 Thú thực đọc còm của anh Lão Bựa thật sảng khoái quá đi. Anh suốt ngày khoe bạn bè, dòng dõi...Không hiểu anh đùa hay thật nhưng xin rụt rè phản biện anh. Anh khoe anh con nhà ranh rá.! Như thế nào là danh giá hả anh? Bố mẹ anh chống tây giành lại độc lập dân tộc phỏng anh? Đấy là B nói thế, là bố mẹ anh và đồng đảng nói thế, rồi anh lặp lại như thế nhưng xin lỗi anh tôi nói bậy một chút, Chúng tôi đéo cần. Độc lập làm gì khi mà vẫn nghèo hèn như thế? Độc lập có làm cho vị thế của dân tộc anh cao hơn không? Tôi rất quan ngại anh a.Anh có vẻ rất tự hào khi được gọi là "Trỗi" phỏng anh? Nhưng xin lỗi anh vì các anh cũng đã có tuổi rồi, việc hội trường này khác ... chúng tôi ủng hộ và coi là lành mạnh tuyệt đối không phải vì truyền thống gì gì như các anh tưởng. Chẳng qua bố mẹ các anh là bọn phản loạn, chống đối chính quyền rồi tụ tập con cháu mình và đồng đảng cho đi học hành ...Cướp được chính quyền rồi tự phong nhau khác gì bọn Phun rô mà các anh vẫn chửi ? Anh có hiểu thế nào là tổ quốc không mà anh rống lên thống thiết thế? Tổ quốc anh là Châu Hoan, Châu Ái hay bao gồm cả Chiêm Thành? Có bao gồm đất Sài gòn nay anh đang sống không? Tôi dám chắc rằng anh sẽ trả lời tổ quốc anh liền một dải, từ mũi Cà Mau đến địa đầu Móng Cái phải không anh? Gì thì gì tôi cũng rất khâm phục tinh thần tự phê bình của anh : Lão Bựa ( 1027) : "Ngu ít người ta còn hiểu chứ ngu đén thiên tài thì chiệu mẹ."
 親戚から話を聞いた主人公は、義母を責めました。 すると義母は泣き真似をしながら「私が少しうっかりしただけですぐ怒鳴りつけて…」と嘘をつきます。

==

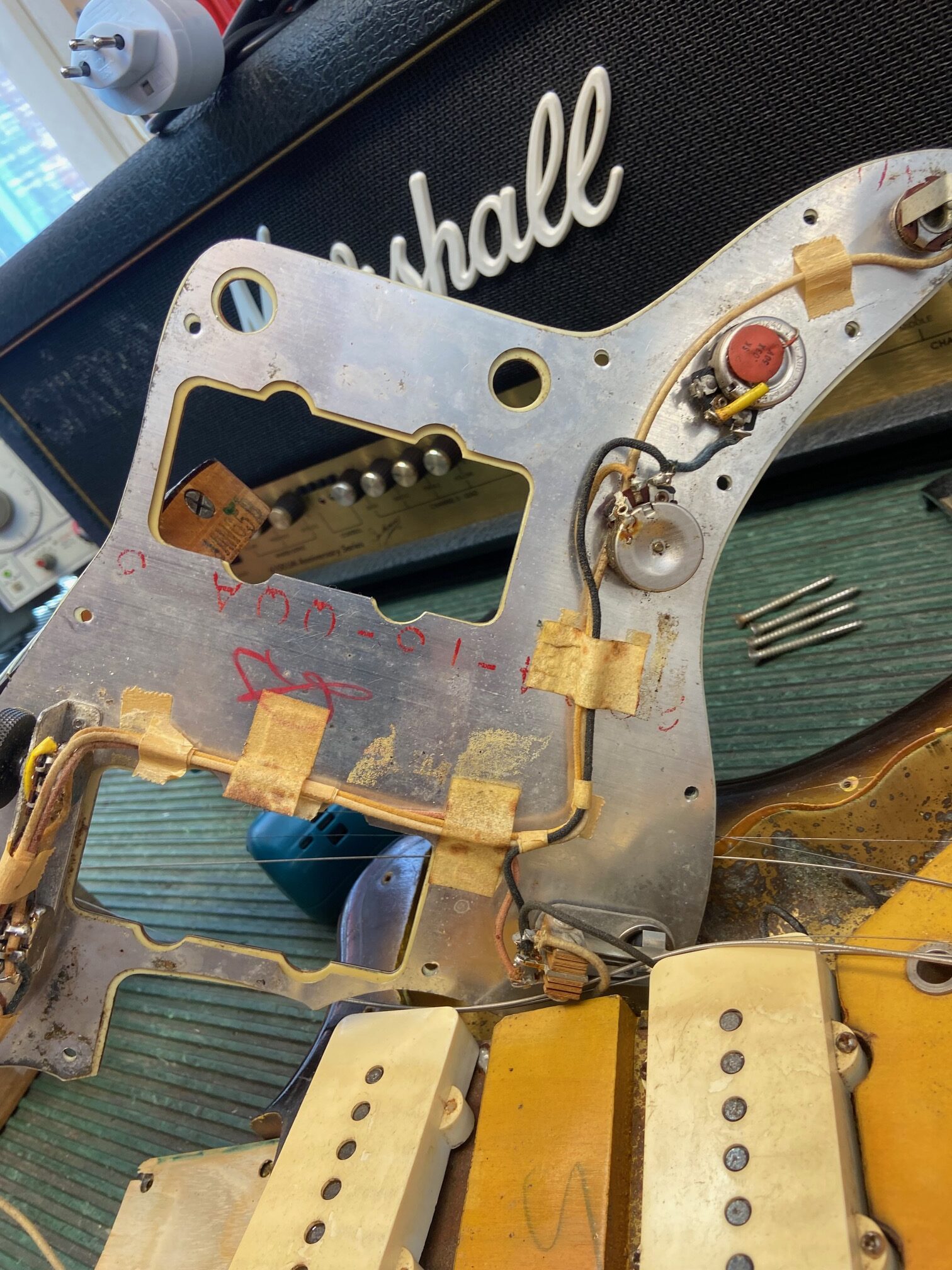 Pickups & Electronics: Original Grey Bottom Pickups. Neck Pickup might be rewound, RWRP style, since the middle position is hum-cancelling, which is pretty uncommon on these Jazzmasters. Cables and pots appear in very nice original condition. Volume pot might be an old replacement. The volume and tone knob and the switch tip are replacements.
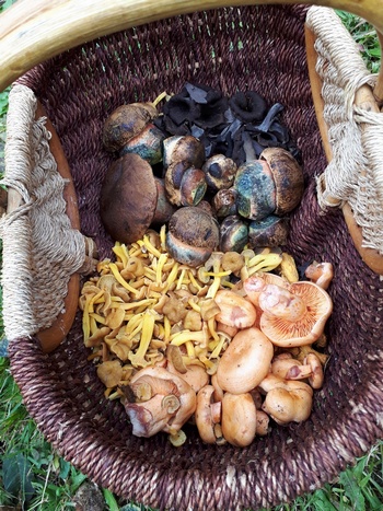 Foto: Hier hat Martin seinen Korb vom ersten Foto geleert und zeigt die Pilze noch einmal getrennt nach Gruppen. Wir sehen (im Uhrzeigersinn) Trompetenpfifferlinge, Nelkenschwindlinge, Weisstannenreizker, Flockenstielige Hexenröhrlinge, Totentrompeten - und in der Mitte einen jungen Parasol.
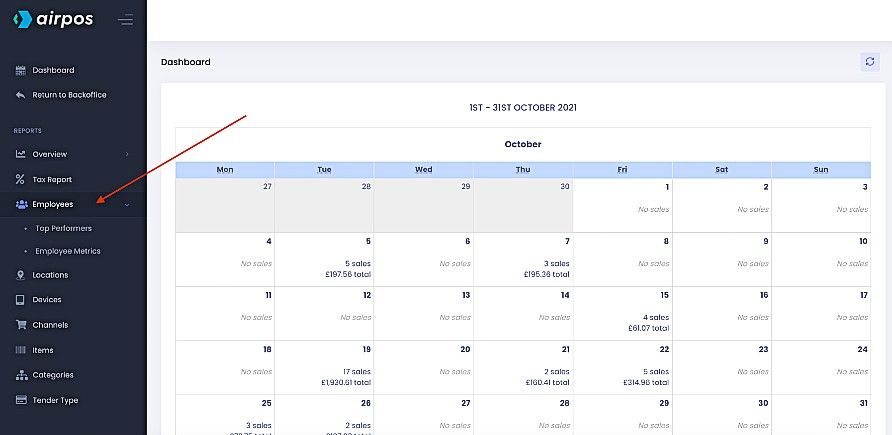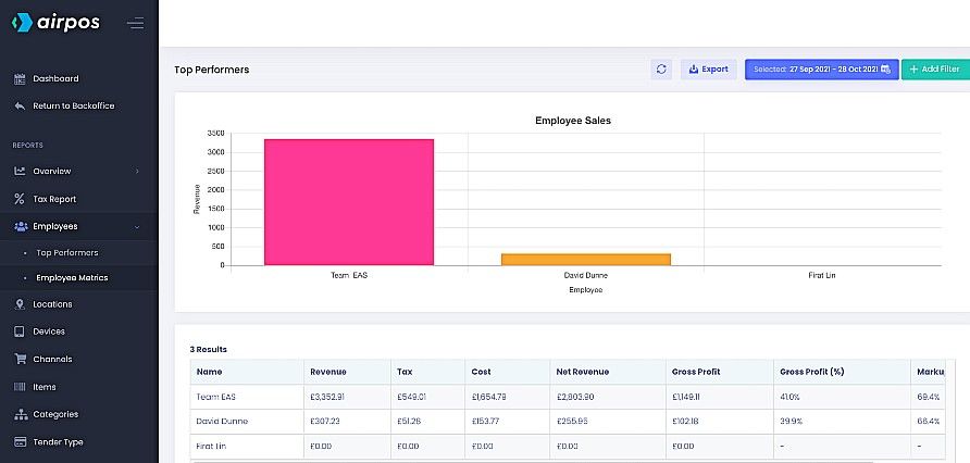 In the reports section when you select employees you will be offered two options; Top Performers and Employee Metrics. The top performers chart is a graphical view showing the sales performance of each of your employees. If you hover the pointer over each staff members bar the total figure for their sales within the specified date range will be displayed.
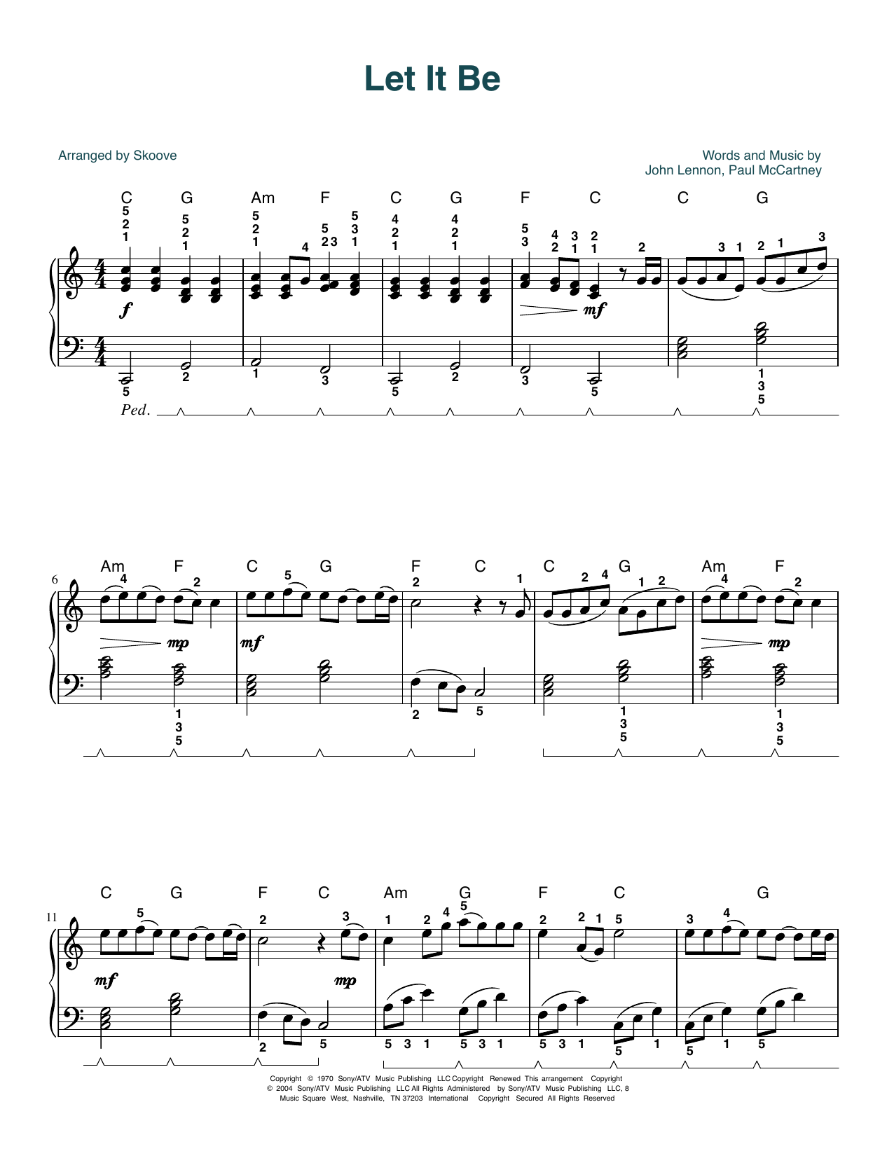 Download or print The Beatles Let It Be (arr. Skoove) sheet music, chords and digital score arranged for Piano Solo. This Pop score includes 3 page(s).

• _Instructions for the task_: Return the stretch of data that begins with the line showing "Pickups & Electronics: Original" and goes on through the line showing "In the reports", exactly, with pictures removed.

• _Answer box_:
 Pickups & Electronics: Original Grey Bottom Pickups. Neck Pickup might be rewound, RWRP style, since the middle position is hum-cancelling, which is pretty uncommon on these Jazzmasters. Cables and pots appear in very nice original condition. Volume pot might be an old replacement. The volume and tone knob and the switch tip are replacements.
 Foto: Hier hat Martin seinen Korb vom ersten Foto geleert und zeigt die Pilze noch einmal getrennt nach Gruppen. Wir sehen (im Uhrzeigersinn) Trompetenpfifferlinge, Nelkenschwindlinge, Weisstannenreizker, Flockenstielige Hexenröhrlinge, Totentrompeten - und in der Mitte einen jungen Parasol.
 In the reports section when you select employees you will be offered two options; Top Performers and Employee Metrics. The top performers chart is a graphical view showing the sales performance of each of your employees. If you hover the pointer over each staff members bar the total figure for their sales within the specified date range will be displayed.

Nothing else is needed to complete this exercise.